- **How to complete this task**:
Set down, please, the line that contains "北鼎 CD2007 冷泡饮品壶 1.7L 水墨灰" and every line that follows it to the end of the records, exactly; do not include pictures.
[[ Provided entries open ]]
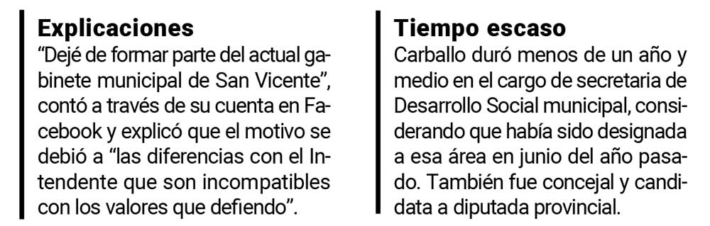 Un clima complejo atraviesa la Capital de la Madera debido a que Clelia Carballo presentó su renuncia indeclinable al cargo de secretaria de Desarrollo Social de San Vicente por “diferencias” con el intendente Fabián Rodríguez.
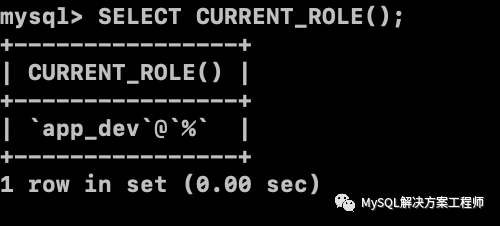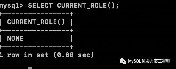赋予用户帐户的角色在帐户会话中可以处于活动状态,也可以处于非活动状态。如果赋予的角色在会话中处于活动状态,则具有相应的权限,反之则没有。要确定当前会话中哪些角色处于活动状态,使用CURRENT_ROLE()函数。
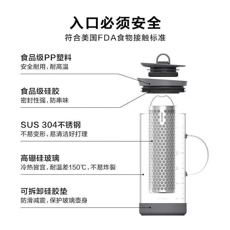 北鼎 CD2007 冷泡饮品壶 1.7L 水墨灰
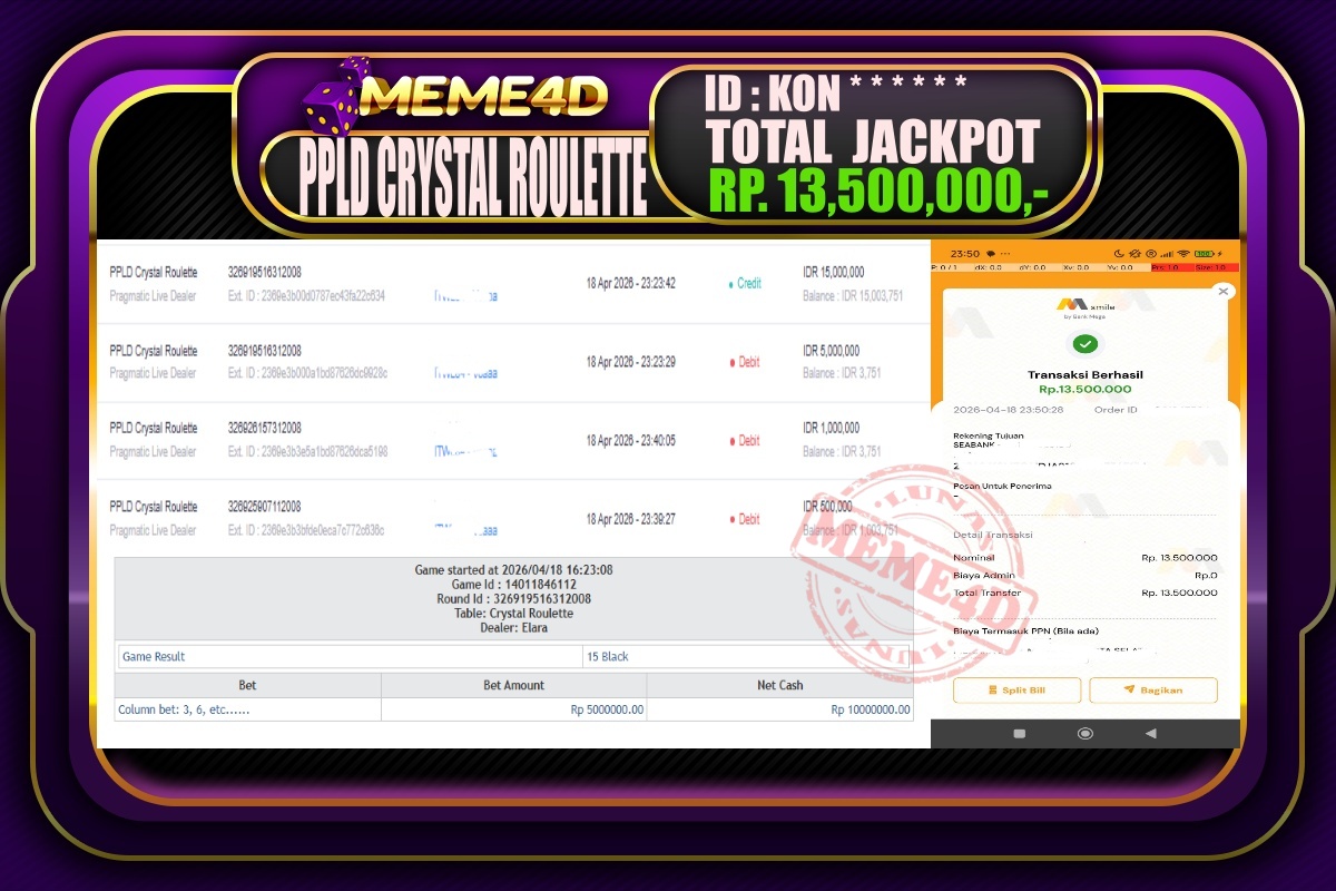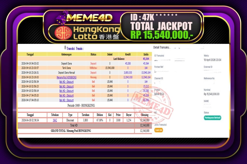 Bukti Jp MEME4D Casino Online 19 April 2026 – MEME4D merupakan situs terpercaya yang selalu membayar berapapun kemenangan semua pemain nya.
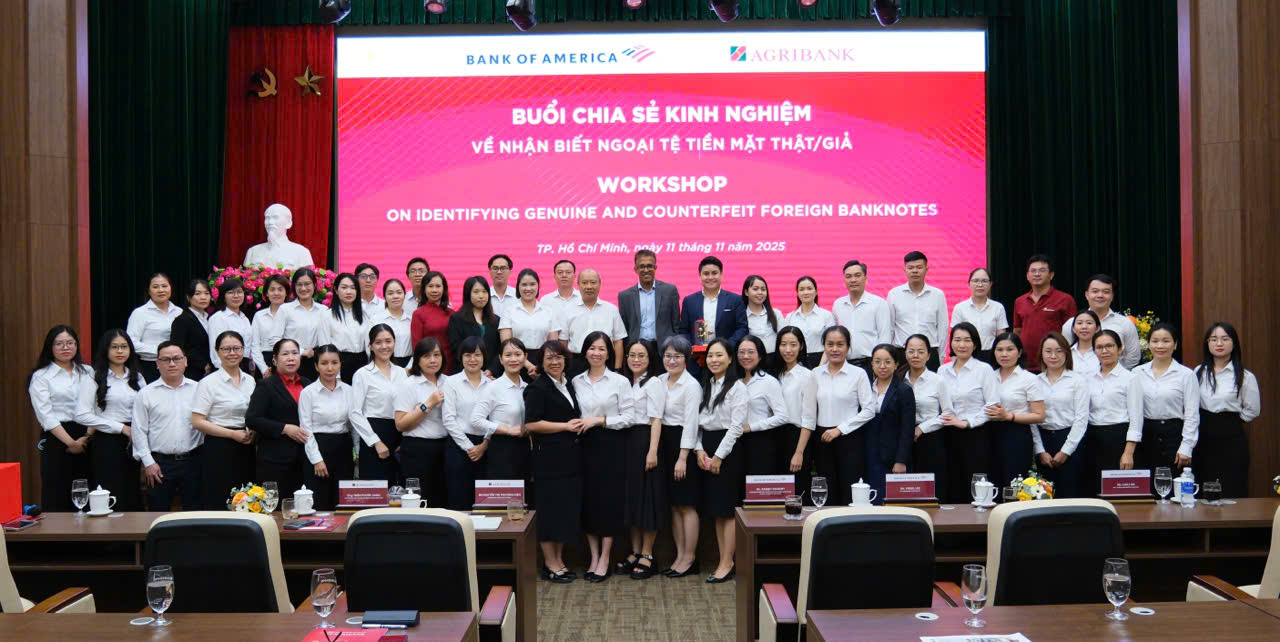 Trong bối cảnh tình hình lưu hành ngoại tệ giả trên thế giới có xu hướng gia tăng, đặc biệt tại khu vực châu Á - Thái Bình Dương, việc nâng cao kỹ năng nhận biết và xử lý ngoại tệ thật/giả trở thành yêu cầu cấp thiết đối với các ngân hàng thương mại. Nhằm tăng cường năng lực nghiệp vụ và bảo đảm an toàn kho quỹ, Ngân hàng Nông nghiệp và Phát triển nông thôn Việt Nam (Agribank) phối hợp với Ngân hàng Bank of America (Bank of America) tổ chức hai buổi chia sẻ kinh nghiệm chuyên sâu về nhận biết ngoại tệ mặt thật/giả dành cho đội ngũ cán bộ nghiệp vụ, diễn ra tại TP. Hồ Chí Minh ngày 11/11/2025 và tại Hà Nội ngày 12/11/2025.
[[ Provided entries closed ]]
- **Output for this task**:
 北鼎 CD2007 冷泡饮品壶 1.7L 水墨灰
 Bukti Jp MEME4D Casino Online 19 April 2026 – MEME4D merupakan situs terpercaya yang selalu membayar berapapun kemenangan semua pemain nya.
 Trong bối cảnh tình hình lưu hành ngoại tệ giả trên thế giới có xu hướng gia tăng, đặc biệt tại khu vực châu Á - Thái Bình Dương, việc nâng cao kỹ năng nhận biết và xử lý ngoại tệ thật/giả trở thành yêu cầu cấp thiết đối với các ngân hàng thương mại. Nhằm tăng cường năng lực nghiệp vụ và bảo đảm an toàn kho quỹ, Ngân hàng Nông nghiệp và Phát triển nông thôn Việt Nam (Agribank) phối hợp với Ngân hàng Bank of America (Bank of America) tổ chức hai buổi chia sẻ kinh nghiệm chuyên sâu về nhận biết ngoại tệ mặt thật/giả dành cho đội ngũ cán bộ nghiệp vụ, diễn ra tại TP. Hồ Chí Minh ngày 11/11/2025 và tại Hà Nội ngày 12/11/2025.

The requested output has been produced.